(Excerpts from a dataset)
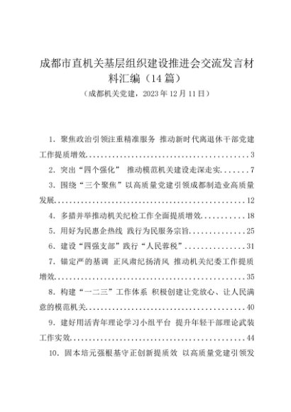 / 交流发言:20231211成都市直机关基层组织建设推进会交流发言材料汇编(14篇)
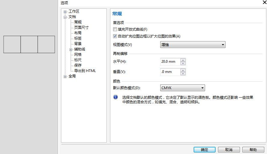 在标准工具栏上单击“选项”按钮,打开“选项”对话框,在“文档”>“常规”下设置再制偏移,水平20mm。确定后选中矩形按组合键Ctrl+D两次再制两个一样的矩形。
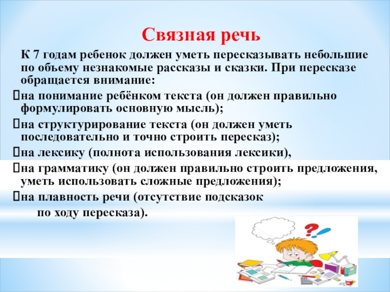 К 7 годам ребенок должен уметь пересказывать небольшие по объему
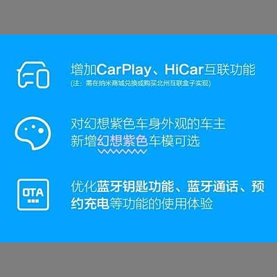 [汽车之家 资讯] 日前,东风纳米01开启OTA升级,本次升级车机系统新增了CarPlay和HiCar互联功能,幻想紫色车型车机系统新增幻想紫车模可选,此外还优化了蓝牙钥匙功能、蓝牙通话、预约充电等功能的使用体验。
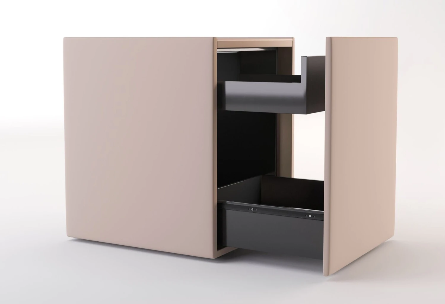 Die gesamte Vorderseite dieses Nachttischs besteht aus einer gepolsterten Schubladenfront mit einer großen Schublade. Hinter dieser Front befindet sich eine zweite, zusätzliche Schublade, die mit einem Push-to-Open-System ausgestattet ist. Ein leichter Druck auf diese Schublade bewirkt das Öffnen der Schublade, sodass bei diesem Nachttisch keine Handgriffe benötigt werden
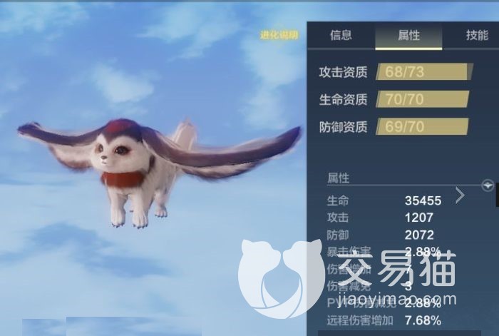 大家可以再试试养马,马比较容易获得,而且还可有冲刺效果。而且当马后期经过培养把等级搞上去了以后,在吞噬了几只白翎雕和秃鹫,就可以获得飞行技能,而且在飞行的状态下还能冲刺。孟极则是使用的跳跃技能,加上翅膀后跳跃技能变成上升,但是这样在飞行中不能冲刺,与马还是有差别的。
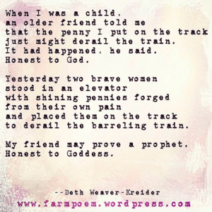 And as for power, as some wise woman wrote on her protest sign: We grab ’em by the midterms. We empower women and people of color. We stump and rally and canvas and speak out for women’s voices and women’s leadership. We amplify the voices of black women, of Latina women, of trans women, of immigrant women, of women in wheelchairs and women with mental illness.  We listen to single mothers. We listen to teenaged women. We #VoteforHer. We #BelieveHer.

WHAT THE EXERCISE ASKS:
Transcribe only the lines above that start at the line containing "К 7 годам ребенок" and end at the line containing "大家可以再试试养马,马比较容". Omit pictures.

REPLY:
 К 7 годам ребенок должен уметь пересказывать небольшие по объему
 [汽车之家 资讯] 日前,东风纳米01开启OTA升级,本次升级车机系统新增了CarPlay和HiCar互联功能,幻想紫色车型车机系统新增幻想紫车模可选,此外还优化了蓝牙钥匙功能、蓝牙通话、预约充电等功能的使用体验。
 Die gesamte Vorderseite dieses Nachttischs besteht aus einer gepolsterten Schubladenfront mit einer großen Schublade. Hinter dieser Front befindet sich eine zweite, zusätzliche Schublade, die mit einem Push-to-Open-System ausgestattet ist. Ein leichter Druck auf diese Schublade bewirkt das Öffnen der Schublade, sodass bei diesem Nachttisch keine Handgriffe benötigt werden
 大家可以再试试养马,马比较容易获得,而且还可有冲刺效果。而且当马后期经过培养把等级搞上去了以后,在吞噬了几只白翎雕和秃鹫,就可以获得飞行技能,而且在飞行的状态下还能冲刺。孟极则是使用的跳跃技能,加上翅膀后跳跃技能变成上升,但是这样在飞行中不能冲刺,与马还是有差别的。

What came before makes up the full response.